» THE DATA:
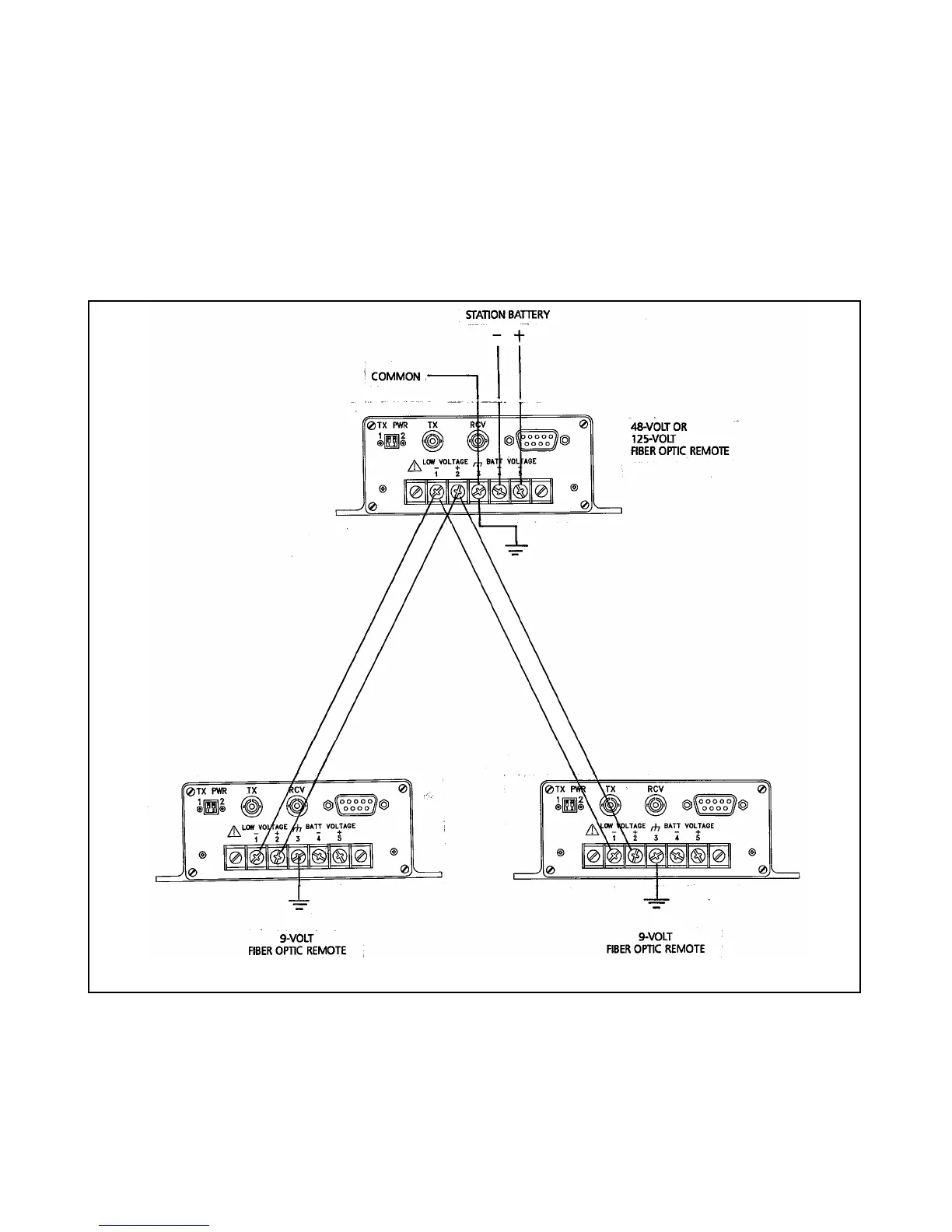 Figure 2-10. Power connections between three fiber optic remotes at the same site
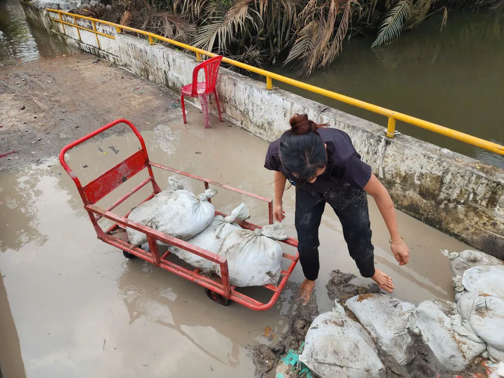 Người dân TP.HCM dùng bao cát để chắn nước. Ảnh: PHẠM HẢI
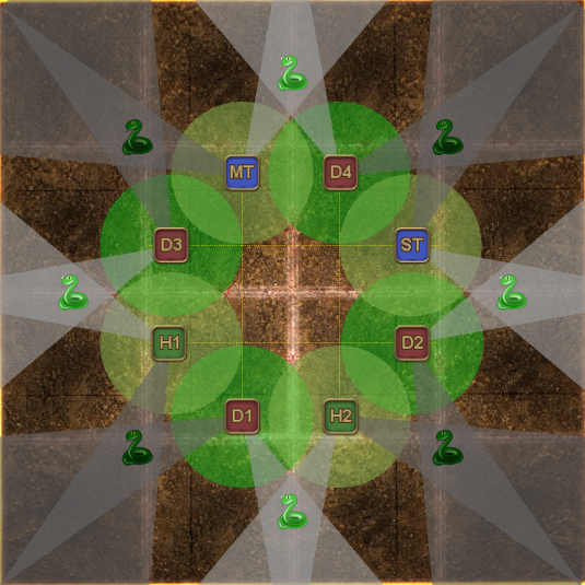 In the event the boss uses Nest of Flamevipers when the clones are 2x Dragons, the spread positions are as follows:

» PROBLEM TO SOLVE: Copy out all the data above exactly, minus the images.

» ANSWER BELOW:
 Figure 2-10. Power connections between three fiber optic remotes at the same site
 Người dân TP.HCM dùng bao cát để chắn nước. Ảnh: PHẠM HẢI
 In the event the boss uses Nest of Flamevipers when the clones are 2x Dragons, the spread positions are as follows:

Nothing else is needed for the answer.